MONARC Task 2 - AI Chatbot for Risk Evaluation (Data-Driven Suggestions).
Context
Risk evaluation in MONARC often depends on expert judgment and sector-specific knowledge, which can lead to inconsistency and long analysis cycles. This topic explores how AI can assist risk analysts with data-driven risk evaluation suggestions.
Challenge
Build an AI chatbot that supports users in qualifying risks by suggesting evaluation values (e.g. threat probability, likelihood and impact levels) based on sector-specific statistics.
The chatbot should:
- Use sector(s) of activity selected for the analysis.

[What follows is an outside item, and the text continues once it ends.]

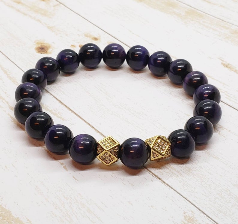 Purple Tiger's Eye gemstones beads accented by gold cz hexagon spacer beads. Excellent for stubbornness, creates a more positive and flexible attitude. Also said to give courage and strengthen convictions.

- Suggest risk evaluation values using aggregated data (averages/ranges per sector).
- Provide clear explanations (“why is this value proposed?”) and optionally a confidence indicator.
Expected solution
- Data aggregation pipeline (what exactly - sector averages/ranges, in which way - daily basis aggregated collection, or when the analysis is finished).
- Chat interface to query the assistant.
- On-premise LLM that analyses the aggregated statistics and generates explanations.
- Optional / Bonus: compare user input vs sector-based suggestions.
Requirements
- Open-source technologies only.
- LLM deployable on-premise (no external API dependency).
- Conceptual or technical integration with MONARC.